Data:
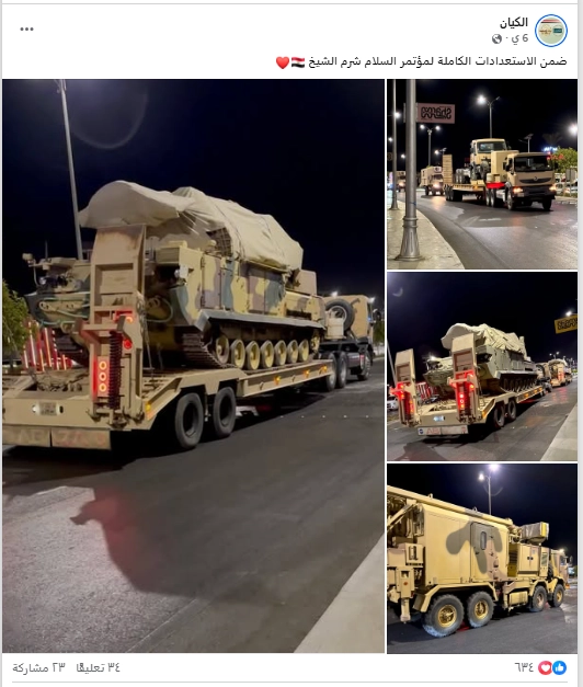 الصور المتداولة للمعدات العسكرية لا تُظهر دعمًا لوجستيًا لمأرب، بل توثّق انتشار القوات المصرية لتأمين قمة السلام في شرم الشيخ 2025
...
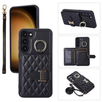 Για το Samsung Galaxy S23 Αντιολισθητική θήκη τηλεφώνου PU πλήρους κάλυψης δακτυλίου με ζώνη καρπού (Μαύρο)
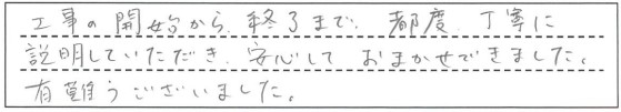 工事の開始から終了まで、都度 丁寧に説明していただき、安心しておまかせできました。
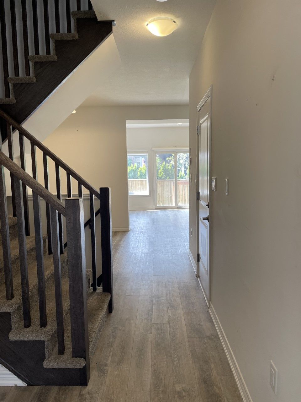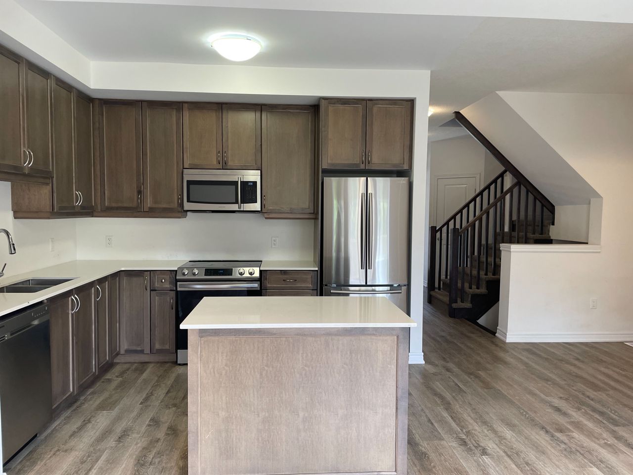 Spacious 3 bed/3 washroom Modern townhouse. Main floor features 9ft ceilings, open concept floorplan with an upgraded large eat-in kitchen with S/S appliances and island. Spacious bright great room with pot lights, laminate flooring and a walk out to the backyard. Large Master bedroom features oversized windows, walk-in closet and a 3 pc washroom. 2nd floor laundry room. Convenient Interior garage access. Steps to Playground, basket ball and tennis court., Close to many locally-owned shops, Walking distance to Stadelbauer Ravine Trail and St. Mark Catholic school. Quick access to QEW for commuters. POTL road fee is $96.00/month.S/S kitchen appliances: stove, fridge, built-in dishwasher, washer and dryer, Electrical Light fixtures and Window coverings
--
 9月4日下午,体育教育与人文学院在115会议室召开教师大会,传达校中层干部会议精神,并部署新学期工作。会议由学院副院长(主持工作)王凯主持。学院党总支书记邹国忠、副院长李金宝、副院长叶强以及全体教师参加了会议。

Task item:
Start with the line with "Για το Samsung" in the listing above and stop after the line with "工事の開始から終了まで、都度". Write out exactly the lines in that stretch and no others, without pictures.

Response area:
 Για το Samsung Galaxy S23 Αντιολισθητική θήκη τηλεφώνου PU πλήρους κάλυψης δακτυλίου με ζώνη καρπού (Μαύρο)
 工事の開始から終了まで、都度 丁寧に説明していただき、安心しておまかせできました。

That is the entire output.